### DATA TO EXAMINE
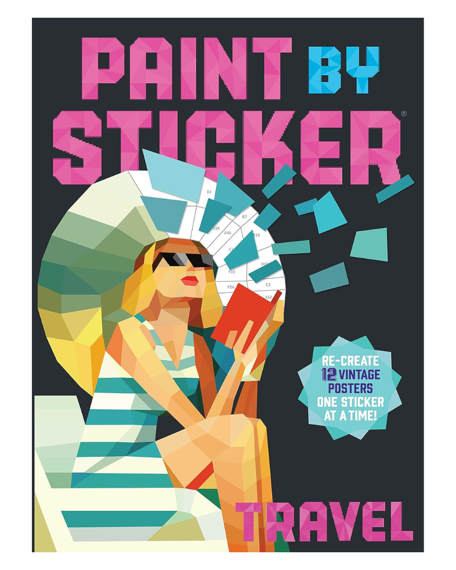 Welcome to the golden age of travel. A transporting activity for crafters and adventurers alike, PAINT BY STICKER:TRAVEL includes everything you need to create 12 vintage, poster-style paintings that evoke the romance of faraway places. And note—the card-stick pages are perforated, so the finished picture can easily be removed for framing.
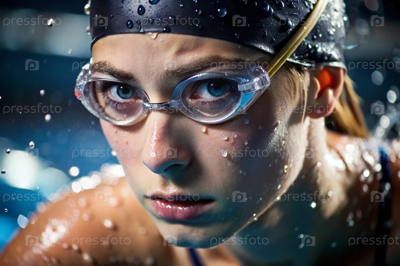 Спортивное плавание. Женское плавание. Спортсменка, которая носит очки для плавания в бассейне во время соревнований на близком расстоянии. Женщина смотрит прямо в камеру
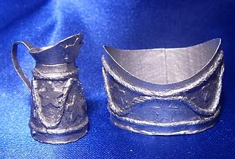Chiaramente non è in argento, ma è solo catoncino dipinto in color acciaio...
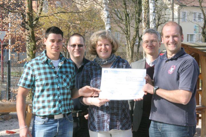 Zu einem freudigen Ereignis trafen sich Vertreter der Christuskirchengemeinde mit den Verantwortlichen des Barwagen-Teams e.V. und der Eislinger Feuerwehr. Das Barwagen-Team und der Löschzug 3 Krummwälden spendeten für den Kindergarten Christuskirche 200 €.
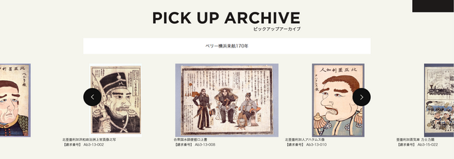 デジタルアーカイブ上の「PICK UP ARCHIVE(ピックアップアーカイブ)」では、ウェブ上の展覧会のように、テーマにあわせた所蔵資料を紹介しています。
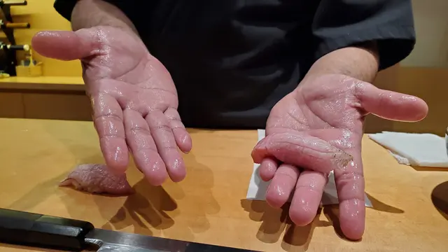 師傅話有熟成呢個需要..因為左口魚d肉本身會較un..熟成左ge話,就又可以食到個魚味..又唔會好un好難咬了
######
TASK -> Exactly as written, return each line above and leave the pictures behind.

WRITTEN SOLUTION ->
 Welcome to the golden age of travel. A transporting activity for crafters and adventurers alike, PAINT BY STICKER:TRAVEL includes everything you need to create 12 vintage, poster-style paintings that evoke the romance of faraway places. And note—the card-stick pages are perforated, so the finished picture can easily be removed for framing.
 Спортивное плавание. Женское плавание. Спортсменка, которая носит очки для плавания в бассейне во время соревнований на близком расстоянии. Женщина смотрит прямо в камеру
Chiaramente non è in argento, ma è solo catoncino dipinto in color acciaio...
 Zu einem freudigen Ereignis trafen sich Vertreter der Christuskirchengemeinde mit den Verantwortlichen des Barwagen-Teams e.V. und der Eislinger Feuerwehr. Das Barwagen-Team und der Löschzug 3 Krummwälden spendeten für den Kindergarten Christuskirche 200 €.
 デジタルアーカイブ上の「PICK UP ARCHIVE(ピックアップアーカイブ)」では、ウェブ上の展覧会のように、テーマにあわせた所蔵資料を紹介しています。
 師傅話有熟成呢個需要..因為左口魚d肉本身會較un..熟成左ge話,就又可以食到個魚味..又唔會好un好難咬了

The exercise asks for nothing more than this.